__EXTRACTED DATA__.

☆ ☆ ☆ ☆ ☆ ☆ ☆

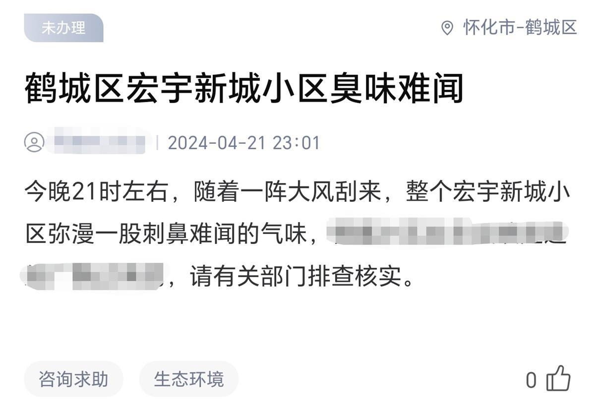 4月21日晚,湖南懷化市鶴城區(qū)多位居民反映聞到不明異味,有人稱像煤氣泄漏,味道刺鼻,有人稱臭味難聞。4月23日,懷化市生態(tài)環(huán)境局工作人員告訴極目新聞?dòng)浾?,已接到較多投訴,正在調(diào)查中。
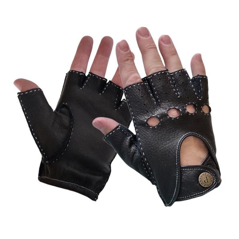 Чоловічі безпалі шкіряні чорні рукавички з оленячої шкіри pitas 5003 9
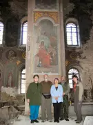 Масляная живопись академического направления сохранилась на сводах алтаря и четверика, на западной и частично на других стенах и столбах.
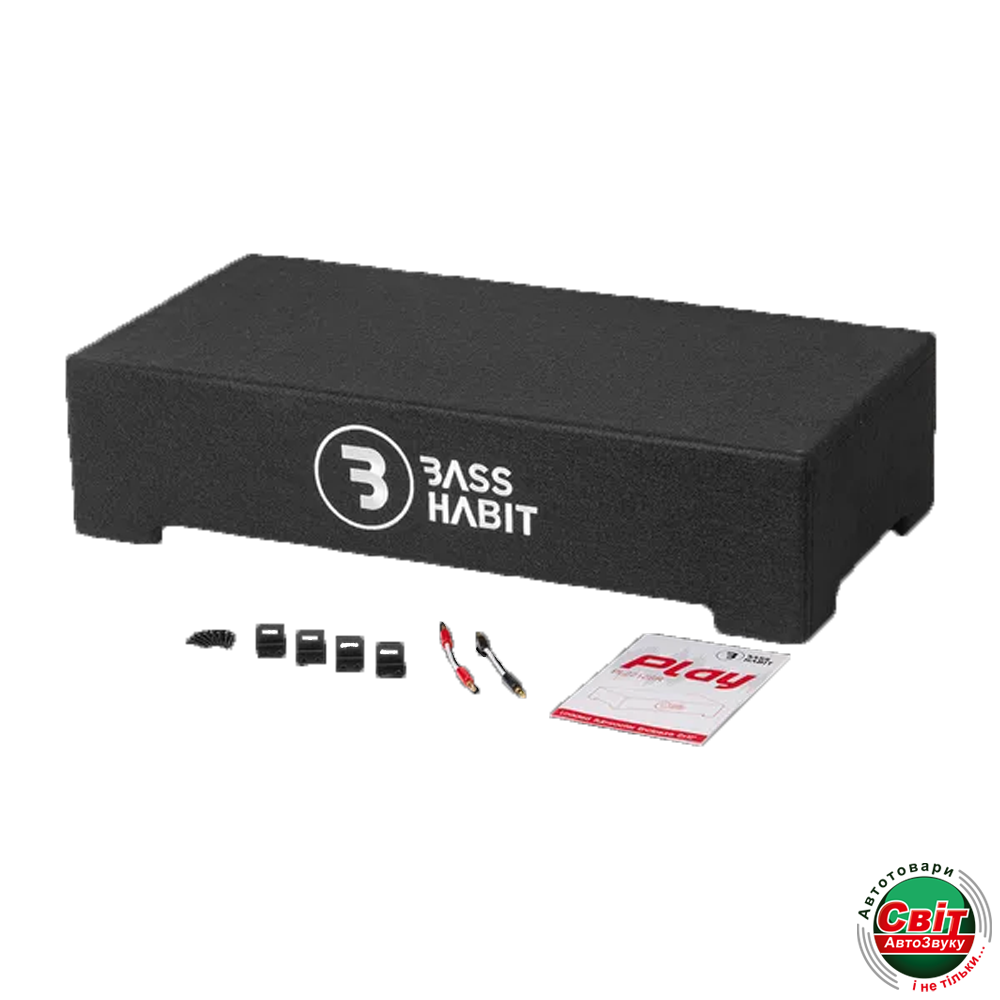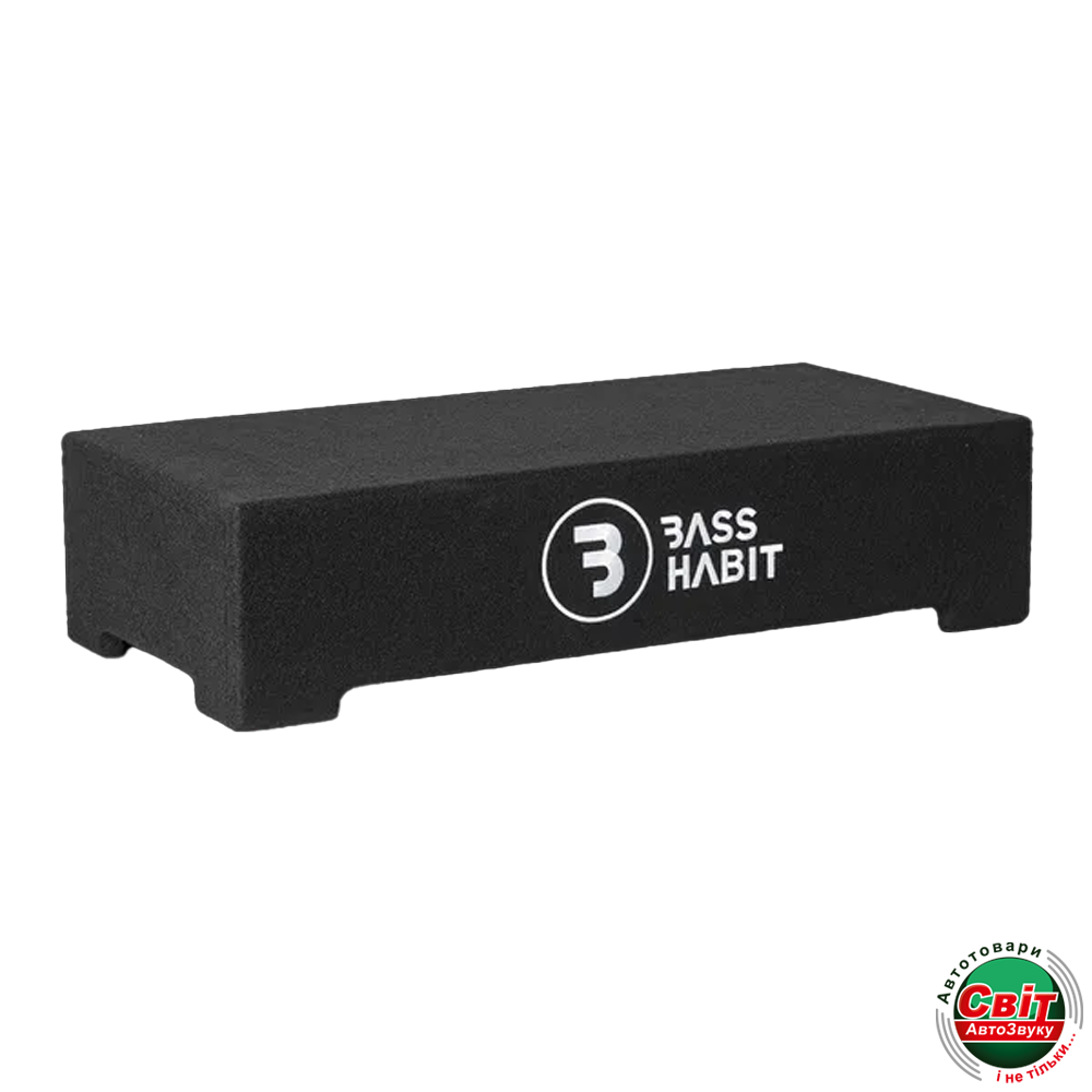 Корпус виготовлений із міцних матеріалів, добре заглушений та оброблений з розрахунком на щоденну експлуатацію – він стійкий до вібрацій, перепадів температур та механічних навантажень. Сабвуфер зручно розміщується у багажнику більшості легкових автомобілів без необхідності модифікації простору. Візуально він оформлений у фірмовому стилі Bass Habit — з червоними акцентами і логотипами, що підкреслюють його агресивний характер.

☆ ☆ ☆ ☆ ☆ ☆ ☆

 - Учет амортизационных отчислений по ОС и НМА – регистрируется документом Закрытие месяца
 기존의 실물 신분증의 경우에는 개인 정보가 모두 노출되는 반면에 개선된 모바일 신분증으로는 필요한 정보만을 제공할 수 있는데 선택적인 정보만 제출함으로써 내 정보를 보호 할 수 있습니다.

☆ ☆ ☆ ☆ ☆ ☆ ☆

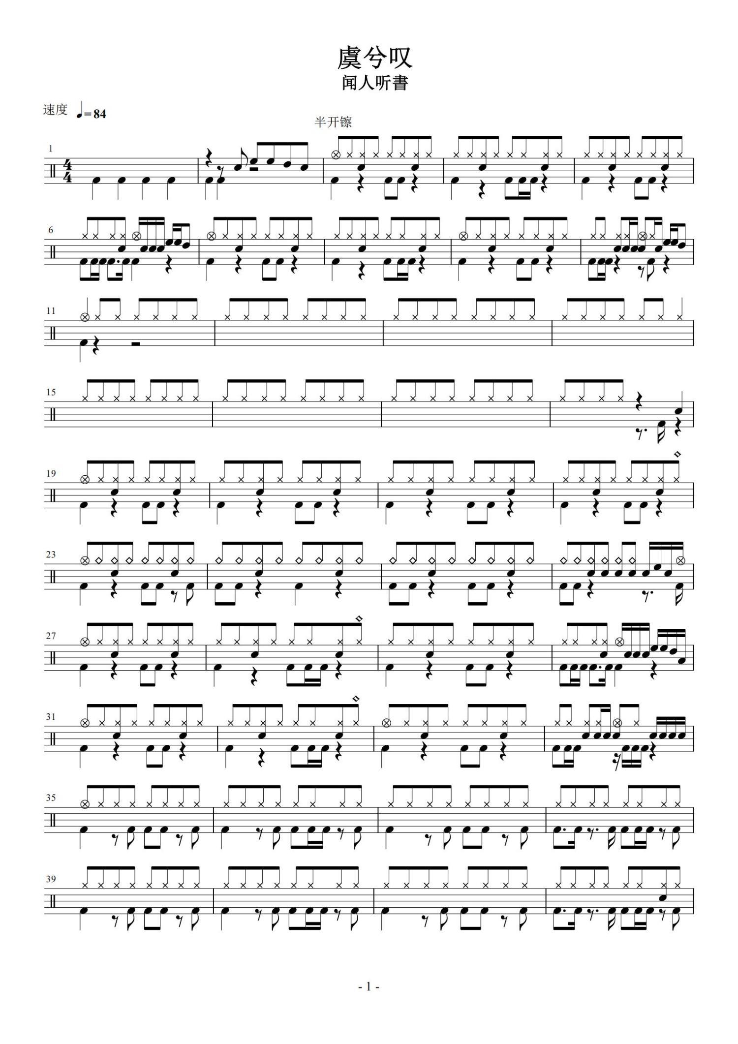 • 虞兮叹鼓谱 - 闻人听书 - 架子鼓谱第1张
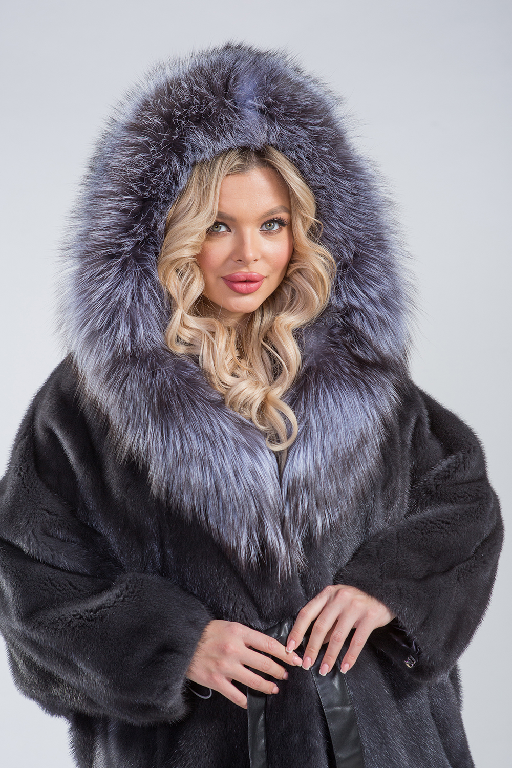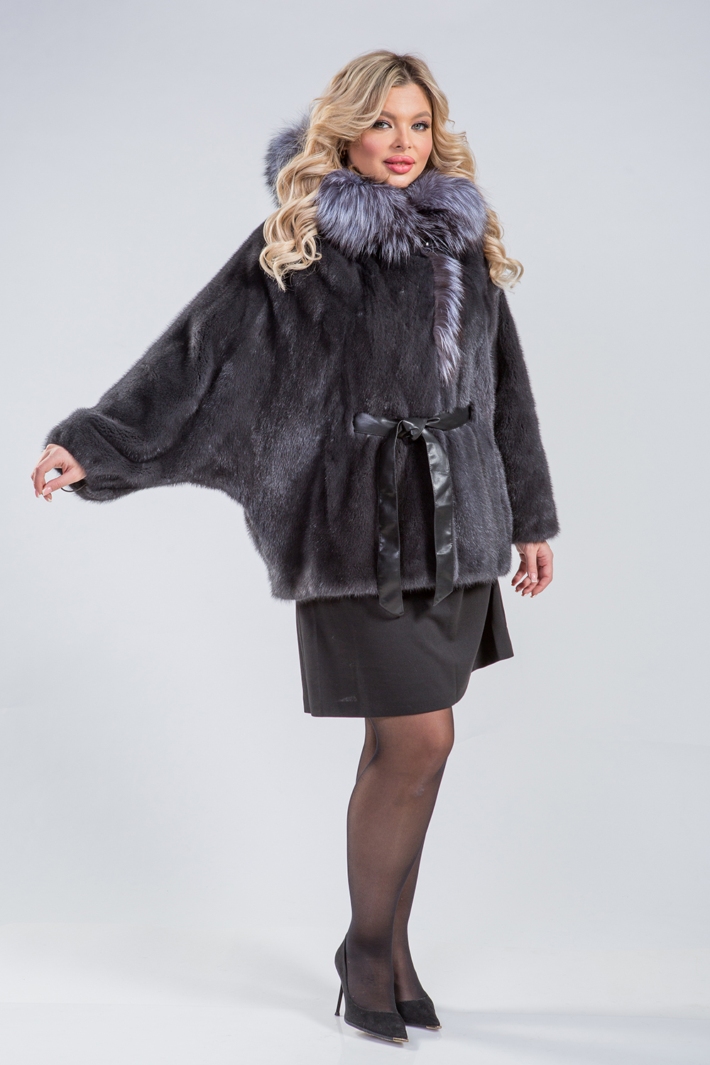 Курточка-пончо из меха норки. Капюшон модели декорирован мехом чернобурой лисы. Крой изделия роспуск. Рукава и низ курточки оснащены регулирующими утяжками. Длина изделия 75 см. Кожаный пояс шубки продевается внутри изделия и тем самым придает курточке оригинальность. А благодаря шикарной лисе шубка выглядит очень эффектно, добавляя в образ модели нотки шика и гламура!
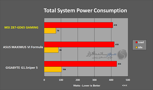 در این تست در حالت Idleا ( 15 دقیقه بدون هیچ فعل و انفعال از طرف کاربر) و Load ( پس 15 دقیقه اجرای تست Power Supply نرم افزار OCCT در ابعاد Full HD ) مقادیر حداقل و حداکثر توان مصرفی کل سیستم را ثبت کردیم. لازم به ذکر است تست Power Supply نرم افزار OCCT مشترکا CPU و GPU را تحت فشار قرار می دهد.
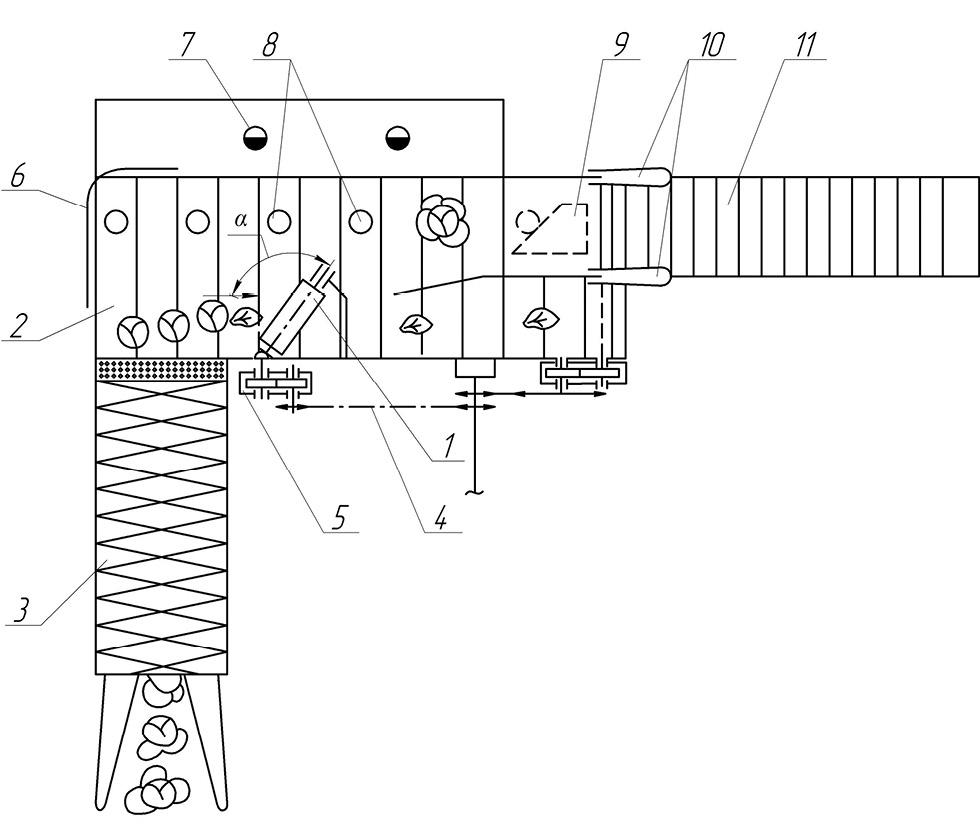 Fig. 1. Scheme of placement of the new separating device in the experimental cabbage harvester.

☆ ☆ ☆ ☆ ☆ ☆ ☆

__WHAT IS NEEDED__. Extract, without any images, the part of the material above that opens with the line containing "Масляная живопись академического" and closes with the line containing "Корпус виготовлений із", both lines included.

__SOLUTION FOR THIS TASK__.
 Масляная живопись академического направления сохранилась на сводах алтаря и четверика, на западной и частично на других стенах и столбах.
 Корпус виготовлений із міцних матеріалів, добре заглушений та оброблений з розрахунком на щоденну експлуатацію – він стійкий до вібрацій, перепадів температур та механічних навантажень. Сабвуфер зручно розміщується у багажнику більшості легкових автомобілів без необхідності модифікації простору. Візуально він оформлений у фірмовому стилі Bass Habit — з червоними акцентами і логотипами, що підкреслюють його агресивний характер.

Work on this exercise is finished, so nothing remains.